Heavy industries like steel, coal-fired power plants and cement production are energy and resource intensive, and they release enormous amounts of greenhouse gas into the atmosphere. To shrink the carbon footprint of some of the most widely used materials on the planet, we need to think about not only greening the energy that drives these sectors but also finding new ways to make the best use of the wastes they leave behind.
Steel mills produce about half a million tonnes of basic oxygen furnace slag a year, notes Apoorv Sinha, CEO of a Calgary-based Carbon Upcycling, a startup that’s developing methods to capture and recycle carbon emissions from industrial waste and turn it into low-carbon cement and other materials. “That product currently does not have a great use case.”
That’s something Sinha is working to fix.
A decade ago, Sinha set out to leverage chemistry to create new materials from upcycled industrial waste. It is, he acknowledges, a complicated proposition. Whatever he builds needs to work seamlessly with gigantic plants that have finely calibrated processes and specialized equipment that can’t be radically modified.
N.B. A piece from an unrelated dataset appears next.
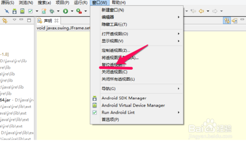 选择Eclipse工具栏中的“窗口”选项,找到“复位透视图”选项。
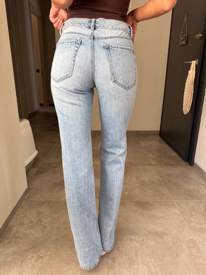 Buz mavi renkte, yırtık detaylı bol kesim kadın denim pantolon. Normal boy ve günlük kullanıma uygun rahat bir modeldir.

While the company works with a range of materials, Carbon Upcycling’s most promising technology involves capturing waste carbon and combining it with the by-products from steel plants and coal-fired generating stations to produce a cement additive. This fall, the company is starting construction on a facility at Ash Grove, a sprawling cement plant in Mississauga that’s owned by building products multinational CRH. Once it’s built, the company will start upcycling low-value industrial waste and carbon dioxide captured from Ash Grove’s own flue gas to concoct a low-carbon ingredient to the firm’s cement products — an elegant circular economy solution. By this time next year, the company aims to produce 100 tonnes of low-carbon cement a day, using slag from nearby steel plants or landfill sites.
The proximity, in fact, is key: “Our thesis is that we need to provide a hyper-local solution that works at the cement plant level,” says Sinha.
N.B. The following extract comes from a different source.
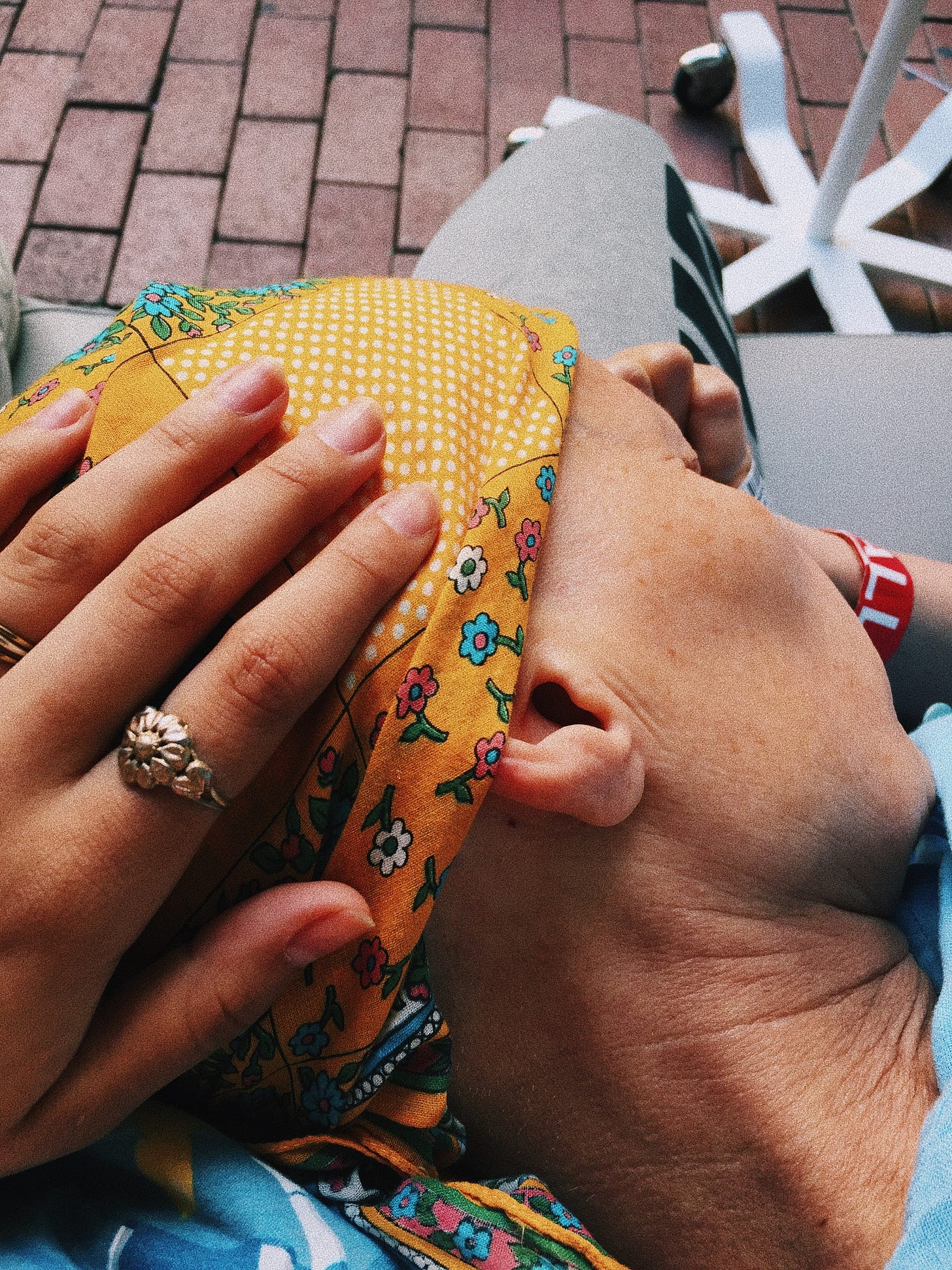 She’d lay in the garden, head on my lap, breathing in the air with the humming bees. Breathing in baby blue hyacinth and dusty pink roses. And then the chemotherapy alarm would sound, and she’d wistfully return to her room.

Carbon Upcycling is part of a rapidly growing industry of startups working on ways to decarbonize cement and concrete. It’s a goal shared by the global industry, says Sarah Petrevan, the vice president of industrial decarbonization and sustainability at the Cement Association of Canada. “It is imperative for our industry to find a way to achieve net-zero emissions in a real, transparent and credible way,” she says.
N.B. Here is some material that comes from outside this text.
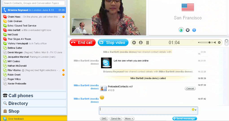 顯著的一個大改變是,軟件界面變成了全屏,而視頻窗口又占據(jù)了絕大部分版面。在視頻中還有“畫中畫”的功能,小的畫面可以任意移動。可以說skype從一部網(wǎng)絡電話,變成了一部網(wǎng)絡可視電話;蛘撸孟窀杏X是在視頻聊天室中一樣。

It is, however, a massive challenge. Worldwide, concrete production is responsible for a whopping 8 per cent of greenhouse gas emissions. In Canada, because of the country’s relatively small cement-making capacity and the fact that the energy used by cement plants in this country is cleaner, the figure is somewhat lower; in 2019 it accounted for 1.5 percent of the country’s emissions, roughly equivalent to the carbon emitted by 2.4 million vehicles.
The main culprit behind those emissions is Portland cement, the powdery substance that literally serves as the glue holding together most of the world’s buildings and roads. It’s made by heating up mined and crushed limestone — a.k.a. “clinker” — to extremely high temperatures. The process yields huge quantities of carbon dioxide, both from the chemical transformation of limestone and the energy used to generate the heat. Additional carbon is released by combining cement with sand, gravel and water to make concrete, and then shipping it from plants like Ash Grove to construction sites.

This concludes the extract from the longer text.